En toen kreeg mama corona….

De val op de galerij op 15 augustus luidde het laatste hoofdstuk van haar leven in. Dat wist ik meteen toen broer me belde. Toen ik bij haar kwam, lag ze in bed. Ze had pijn, maar had (oh, wonder) weer eens niets gebroken.

Mijn moeder was bijna 94 en bezig aan een hele trage ‘fade-out’ die al een jaar of twee aan de gang was. Elke keer als we bij haar waren, liep ze langzamer en sprak ze trager, soms zoekend naar woorden. Het hele kordate gedrag dat haar altijd had gekenmerkt was langzaam maar zeker aan het verdwijnen. Haar krachten namen af. Ik vermoedde dat haar hart er niet meer zo’n zin in had, want ze was snel moe, soms benauwd en klaagde over haar hart, dat zo kon bonken. Maar naar de dokter ging ze niet en alle vormen van hulp werden vakkundig afgeslagen.

“Als ik niet meer zelf de boodschappen kan doen, dan ben ik weg” zei ze vaak.

Ze duldde al helemaal geen inmenging in haar voeding.

“Ik eet wel, ik heb net nog een tomaat op” zei ze als ik voorzichtig vroeg of ze wel voldoende at. Dat deed ze absoluut niet en daarmee werkte ze actief mee aan haar langzame verdwijning. Na een aantal confrontaties besloot ik het te laten. Toch zetten we regelmatig wat makkelijke hapjes in haar koelkast. Om ze weken later onaangeraakt weer weg te gooien.

Mentaal was mijn moeder loeischerp. Er was geen sprake van vergeetachtigheid of iets wat daarop leek. Ze wist alles, hoorde alles, zag alles en vormde haar intelligente en scherpe oordeel nog altijd in een oogwenk. Ze liet alleen niet blijken dat ze zicht had op haar eigen bijdrage aan het langzame verdwijnen. Doodgaan was onbespreekbaar. Ze was woedend na de val op de galerij en zei dat ze niet was gevallen, maar gestruikeld, als een kind dat niet wil toegeven verloren te hebben bij een spelletje.

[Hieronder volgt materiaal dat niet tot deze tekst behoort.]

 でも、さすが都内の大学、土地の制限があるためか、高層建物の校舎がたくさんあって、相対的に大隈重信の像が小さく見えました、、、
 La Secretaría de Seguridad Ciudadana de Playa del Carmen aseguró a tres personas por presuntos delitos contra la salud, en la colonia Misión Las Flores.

Soms, ineens, was het er wél. Toen de coronacrisis begon in maart, zei ze dat ze dacht dat zij daarbij zou gaan horen, bij die coronadoden. Het leek me gruwelijk, niet vanwege het sterven, maar wel de manier waarop. Mijn vader was gestikt. De halve familie was in de gaskamer gestorven aan de verstikkingsdood. Ik wilde niet dat haar dat lot ook zou treffen en dat wij niet bij haar konden zijn. Een tijdje later zei ze opeens, “we zullen elkaar toch eens moeten loslaten”. Ze sprak ons daarmee beiden moed in.

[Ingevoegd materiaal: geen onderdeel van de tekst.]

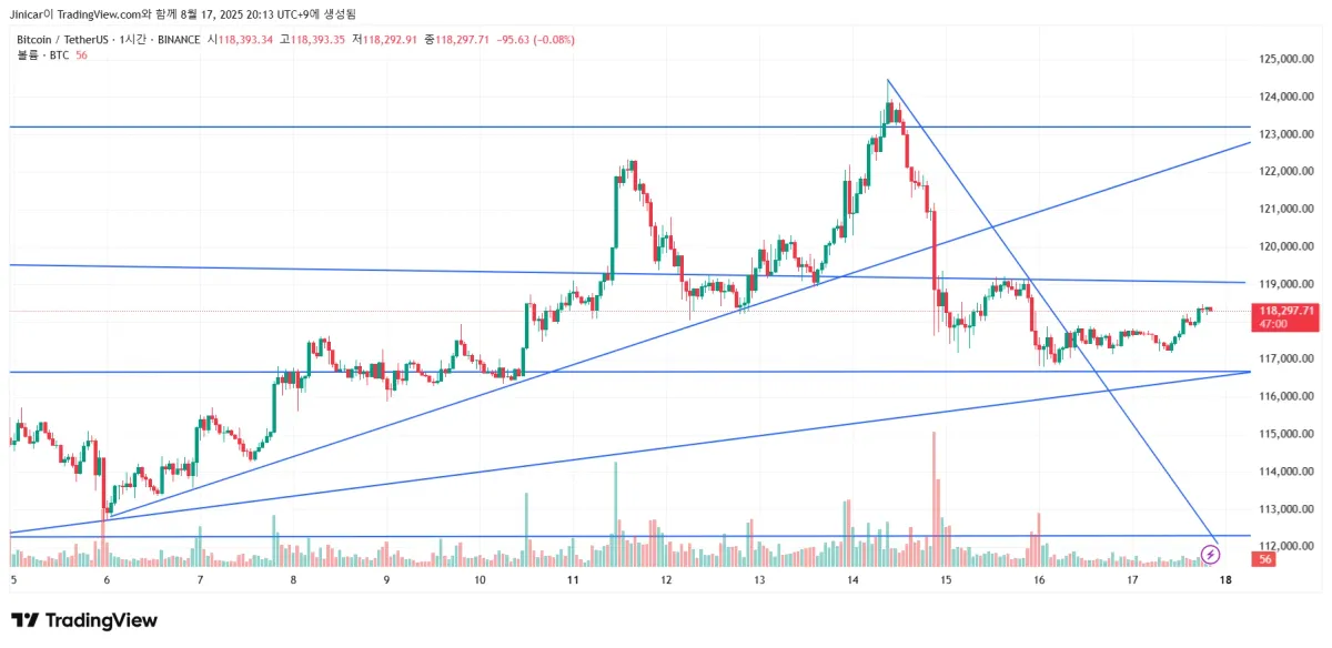 비트코인 1시간봉 차트입니다.

Op 9 september troffen we haar ’s ochtends vroeg aan, na een derde valpartij, zittend op haar knieën en leunend op haar bed, gekleed in slechts een onderbroek, als een klein en heel oud meisje.

”Ik ben zo misselijk”, kermde ze. We hielpen haar terug in bed en belden de huisarts. Ze had koorts en kon helemaal niets meer. Nog geen pink tilde ze zelfstandig op. Mijn man en ik zorgden drie dagen voor haar, dagen waarop ze ons elke tien minuten riep.

“Tien, ik lig niet lekker. Tien, ik moet plassen.” Ze was onrustig en bang om alleen te zijn. Na drie dagen waren wij gesloopt en na een negatieve coronatest was er een plek voor tijdelijke opvang in het verpleeghuis van de VU. Ik was opgelucht. Zij niet. Ze was woedend op mij, omdat ik niet voor haar wilde zorgen.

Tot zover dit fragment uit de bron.